-- Task material follows --
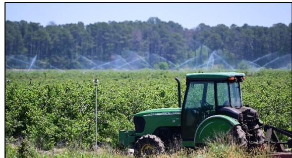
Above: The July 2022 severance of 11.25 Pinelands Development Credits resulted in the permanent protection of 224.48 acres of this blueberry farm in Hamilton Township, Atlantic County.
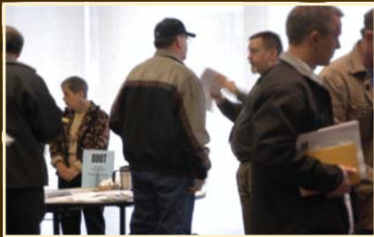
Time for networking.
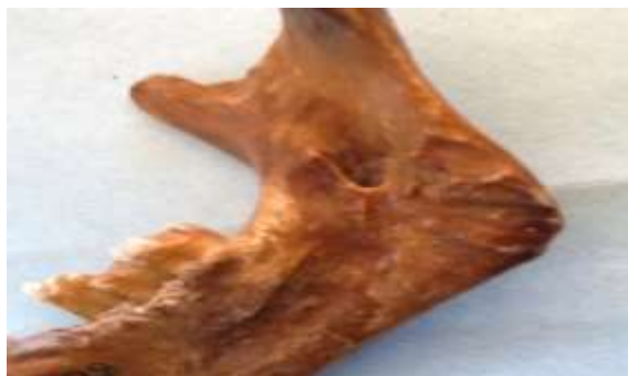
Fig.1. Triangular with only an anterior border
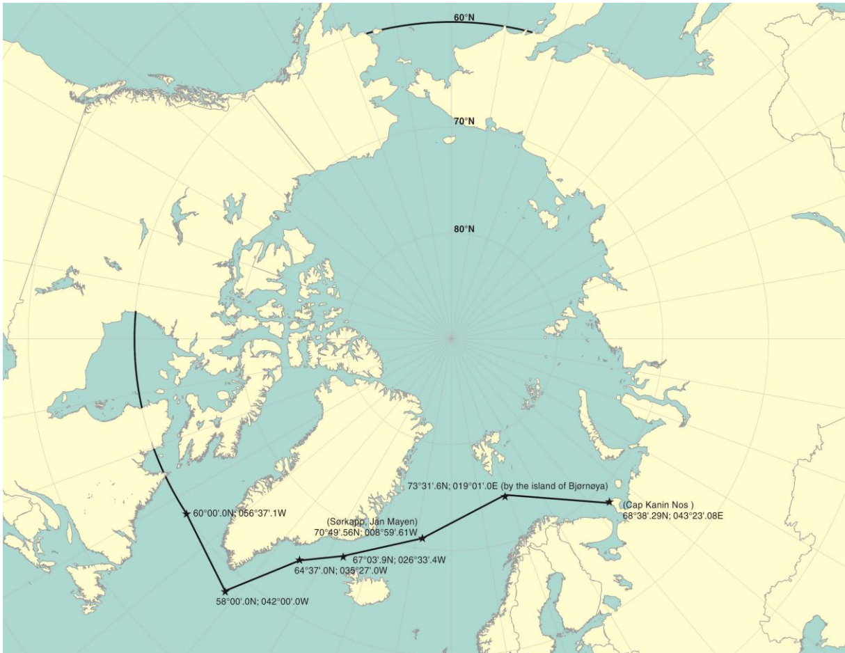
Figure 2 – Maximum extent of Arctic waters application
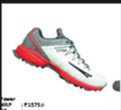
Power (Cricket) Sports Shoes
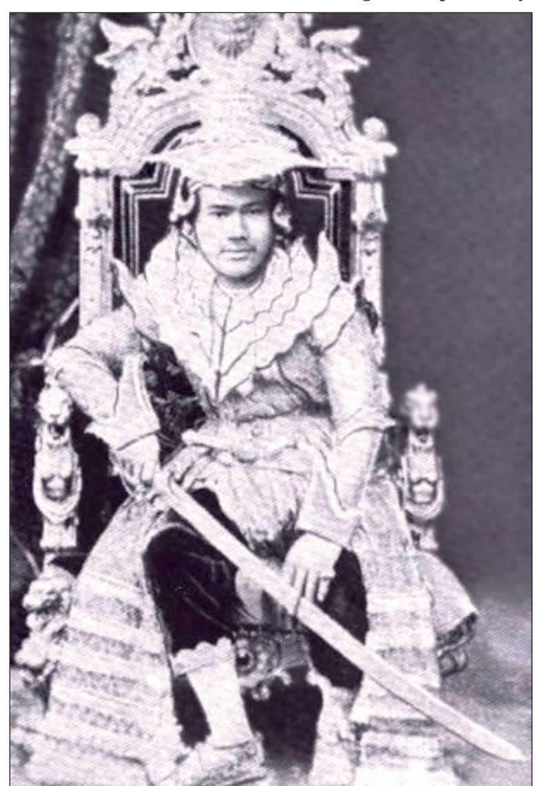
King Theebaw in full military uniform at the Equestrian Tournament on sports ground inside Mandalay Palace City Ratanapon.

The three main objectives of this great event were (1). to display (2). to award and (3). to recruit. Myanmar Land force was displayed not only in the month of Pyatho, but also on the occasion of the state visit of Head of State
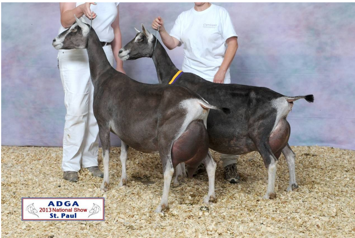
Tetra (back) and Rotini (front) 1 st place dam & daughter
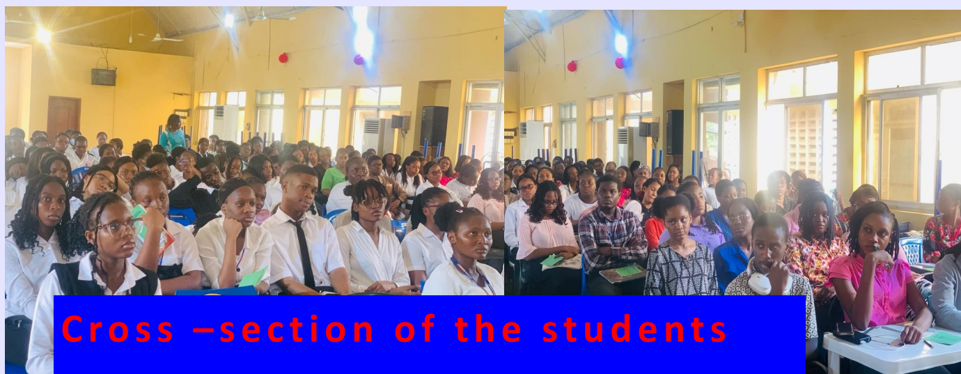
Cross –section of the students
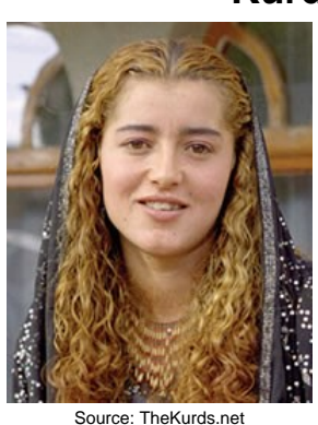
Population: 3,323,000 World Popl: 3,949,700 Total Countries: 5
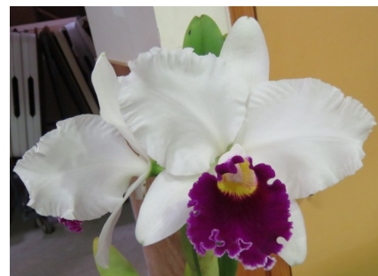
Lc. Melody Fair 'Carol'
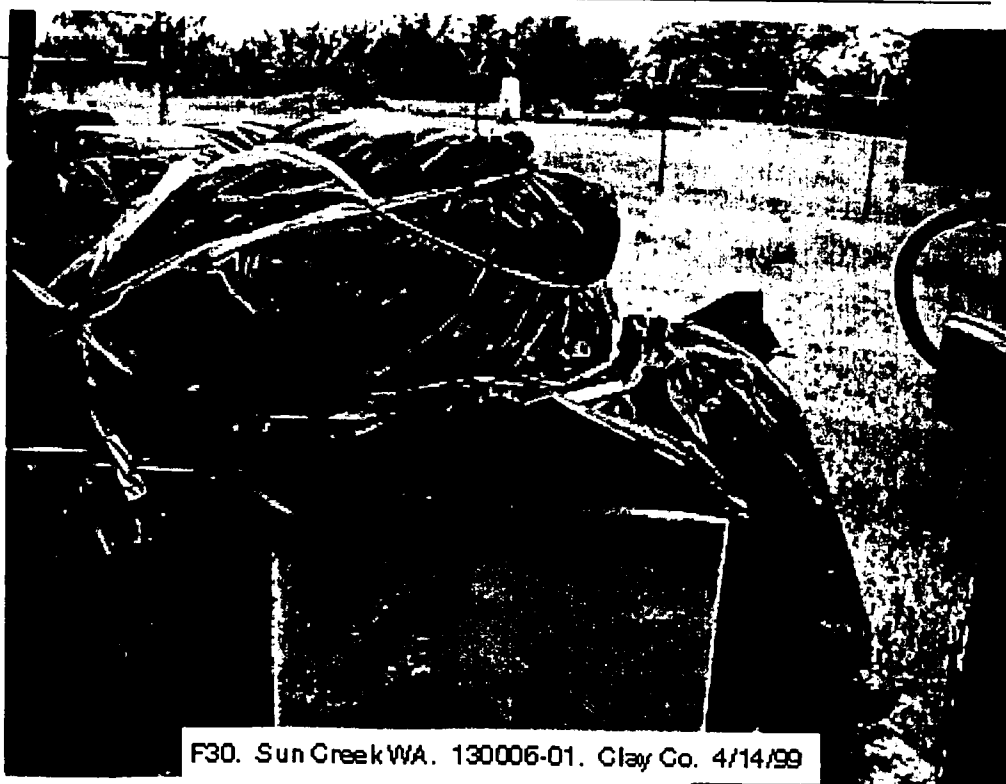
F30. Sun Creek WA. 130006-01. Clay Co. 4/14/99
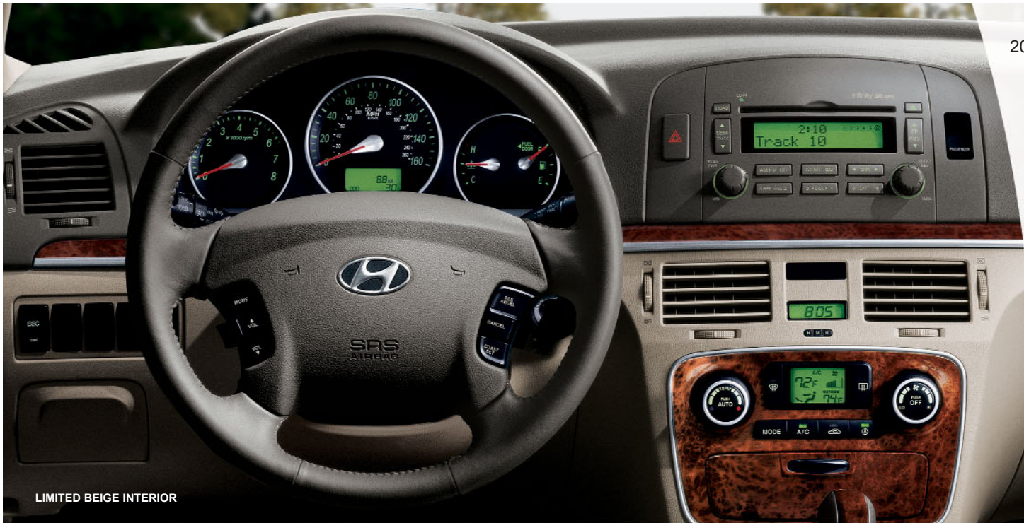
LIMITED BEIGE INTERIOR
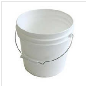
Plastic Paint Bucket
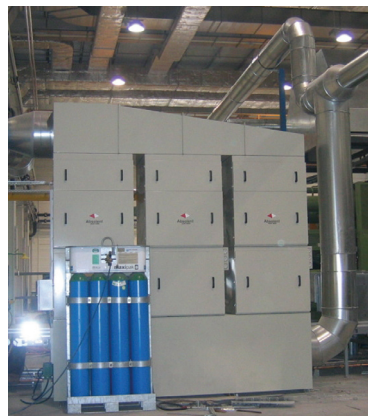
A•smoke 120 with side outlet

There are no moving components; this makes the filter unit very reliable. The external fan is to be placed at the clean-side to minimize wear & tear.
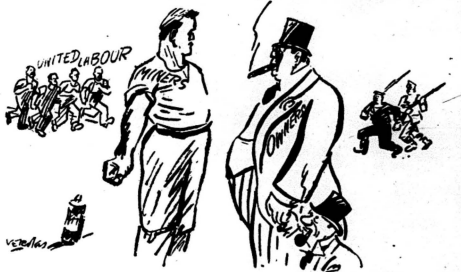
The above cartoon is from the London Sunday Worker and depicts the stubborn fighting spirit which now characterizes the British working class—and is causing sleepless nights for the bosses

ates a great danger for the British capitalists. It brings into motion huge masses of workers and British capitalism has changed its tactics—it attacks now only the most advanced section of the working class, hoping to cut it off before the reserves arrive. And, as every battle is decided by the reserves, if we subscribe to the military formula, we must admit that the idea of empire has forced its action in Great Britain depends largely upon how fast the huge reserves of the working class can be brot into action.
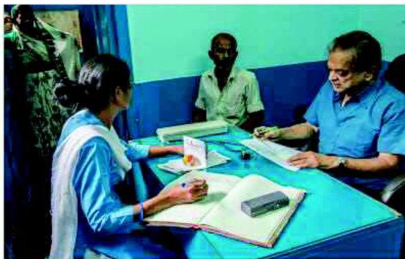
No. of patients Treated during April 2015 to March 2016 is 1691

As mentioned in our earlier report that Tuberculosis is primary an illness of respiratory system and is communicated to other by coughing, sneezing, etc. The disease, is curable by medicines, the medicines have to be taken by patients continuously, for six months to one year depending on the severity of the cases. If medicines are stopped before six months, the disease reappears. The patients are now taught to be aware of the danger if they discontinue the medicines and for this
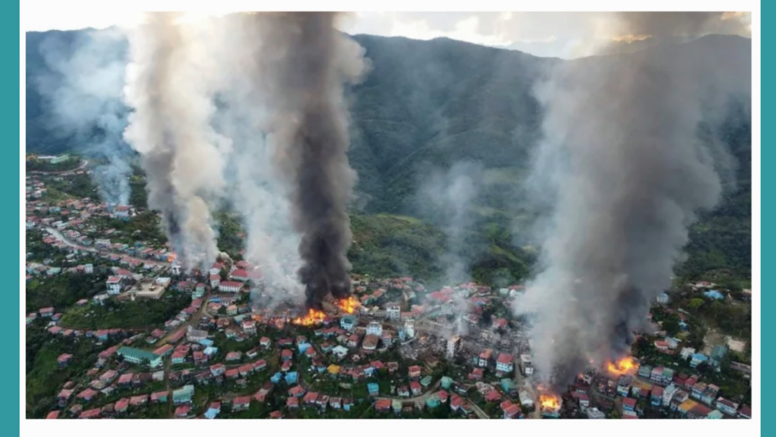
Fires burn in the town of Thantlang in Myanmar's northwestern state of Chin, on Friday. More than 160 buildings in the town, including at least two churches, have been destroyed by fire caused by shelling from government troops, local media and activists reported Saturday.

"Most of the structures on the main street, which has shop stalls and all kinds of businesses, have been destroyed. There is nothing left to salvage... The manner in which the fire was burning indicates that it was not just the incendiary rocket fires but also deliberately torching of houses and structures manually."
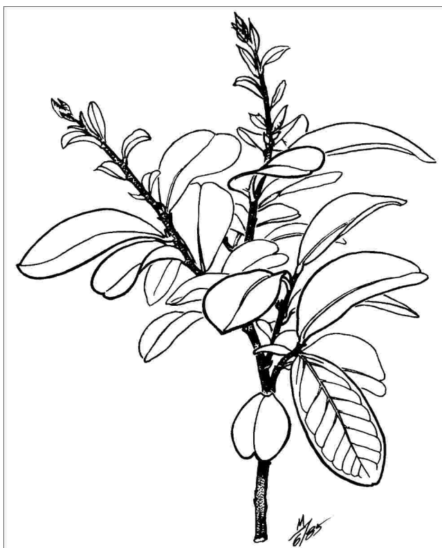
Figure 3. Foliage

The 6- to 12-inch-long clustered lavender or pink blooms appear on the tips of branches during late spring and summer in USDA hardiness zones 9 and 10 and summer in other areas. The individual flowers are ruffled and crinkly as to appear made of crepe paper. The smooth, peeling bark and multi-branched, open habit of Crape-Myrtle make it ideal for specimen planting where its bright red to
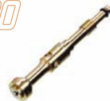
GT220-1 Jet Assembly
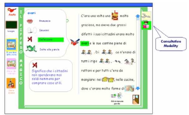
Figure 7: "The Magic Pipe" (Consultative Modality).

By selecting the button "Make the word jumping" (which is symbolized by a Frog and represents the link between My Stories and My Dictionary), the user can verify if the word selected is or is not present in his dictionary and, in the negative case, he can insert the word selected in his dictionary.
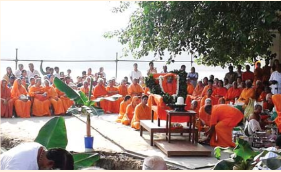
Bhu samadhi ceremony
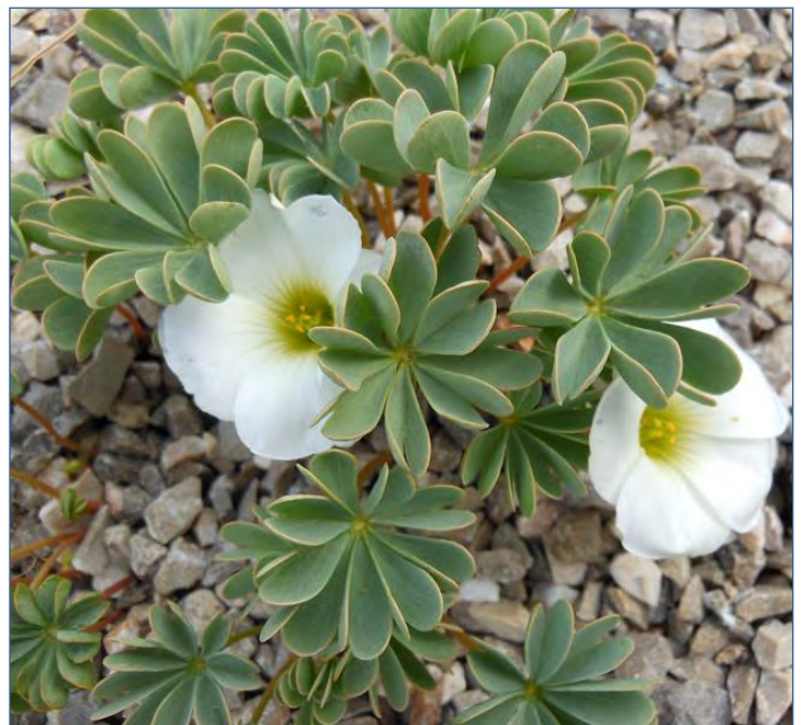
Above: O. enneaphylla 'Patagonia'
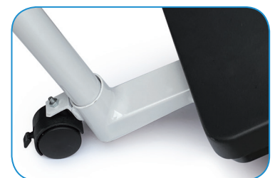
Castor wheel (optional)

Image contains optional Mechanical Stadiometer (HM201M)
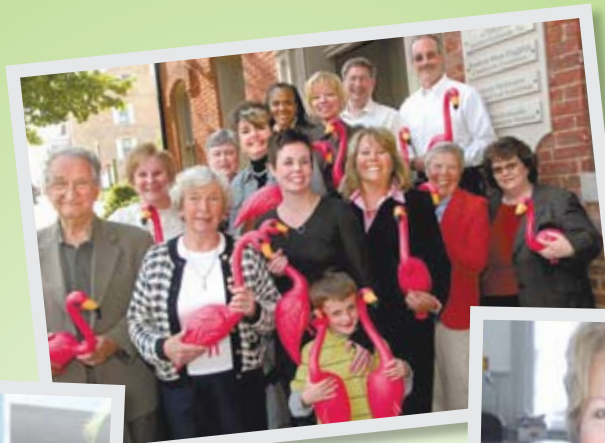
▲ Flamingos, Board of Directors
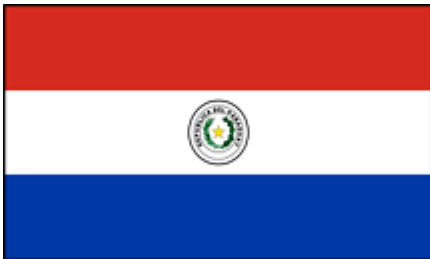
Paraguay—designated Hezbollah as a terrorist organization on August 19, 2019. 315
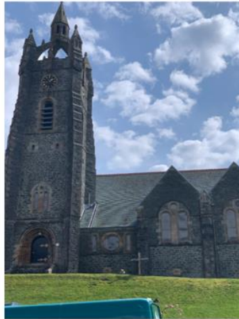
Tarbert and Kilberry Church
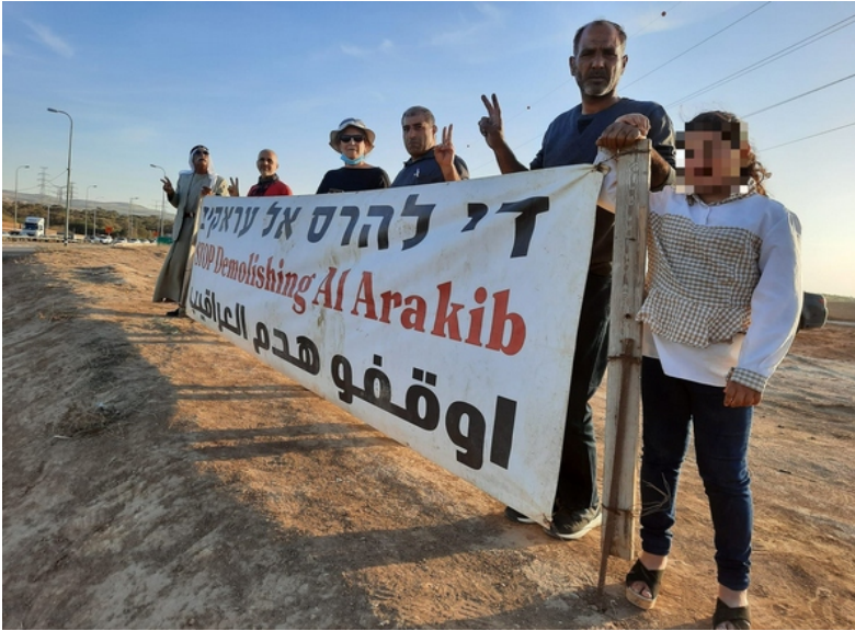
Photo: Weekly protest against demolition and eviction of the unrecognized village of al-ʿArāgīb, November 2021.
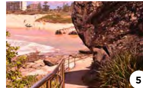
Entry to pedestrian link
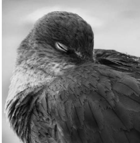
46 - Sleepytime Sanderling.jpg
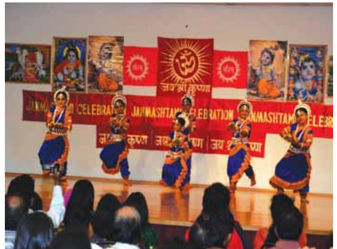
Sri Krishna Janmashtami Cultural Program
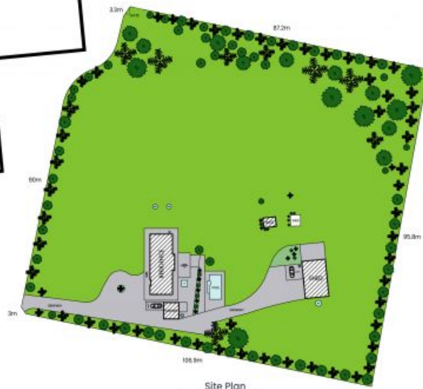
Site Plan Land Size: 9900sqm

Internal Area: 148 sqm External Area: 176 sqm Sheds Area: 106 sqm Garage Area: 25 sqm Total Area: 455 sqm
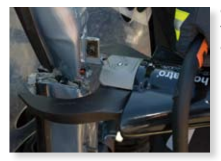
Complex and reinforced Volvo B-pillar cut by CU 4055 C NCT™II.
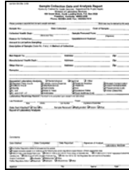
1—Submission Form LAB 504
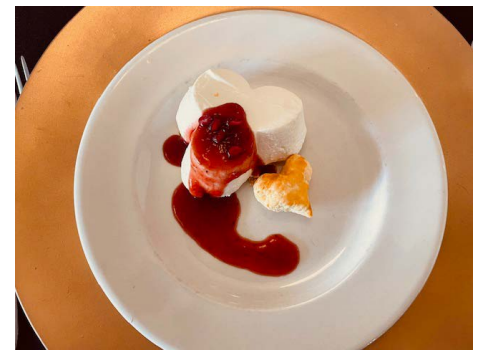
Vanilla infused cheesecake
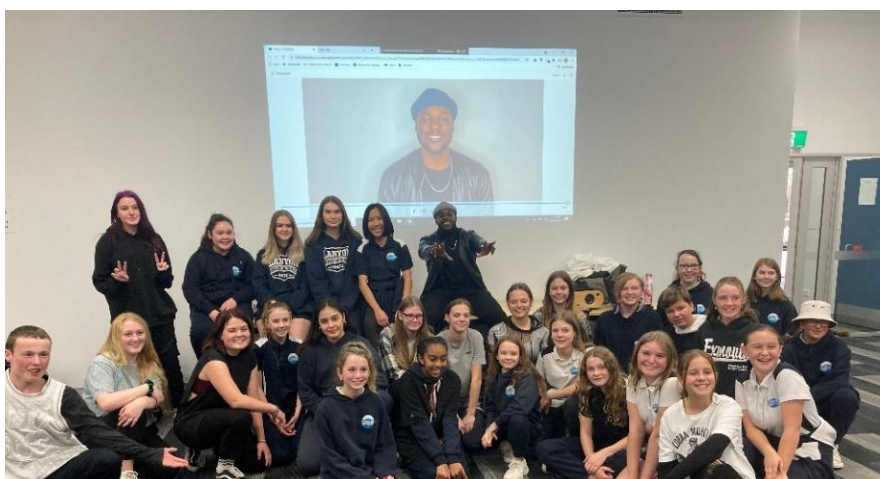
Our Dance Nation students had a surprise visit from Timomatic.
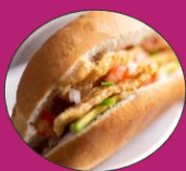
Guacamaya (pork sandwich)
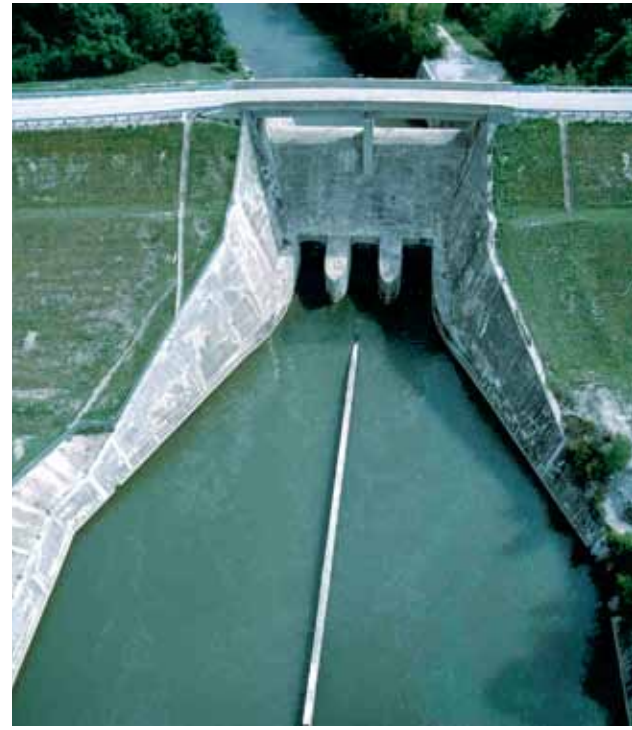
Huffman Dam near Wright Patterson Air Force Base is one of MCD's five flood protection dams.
-- Task material concluded --
**Instructions for the task:** Would you restate, exactly and with no pictures, the lines of the entries above from the one containing "LIMITED BEIGE INTERIOR" through the one containing "The above cartoon"?

**Answer section:**
LIMITED BEIGE INTERIOR
Plastic Paint Bucket
A•smoke 120 with side outlet

There are no moving components; this makes the filter unit very reliable. The external fan is to be placed at the clean-side to minimize wear & tear.
The above cartoon is from the London Sunday Worker and depicts the stubborn fighting spirit which now characterizes the British working class—and is causing sleepless nights for the bosses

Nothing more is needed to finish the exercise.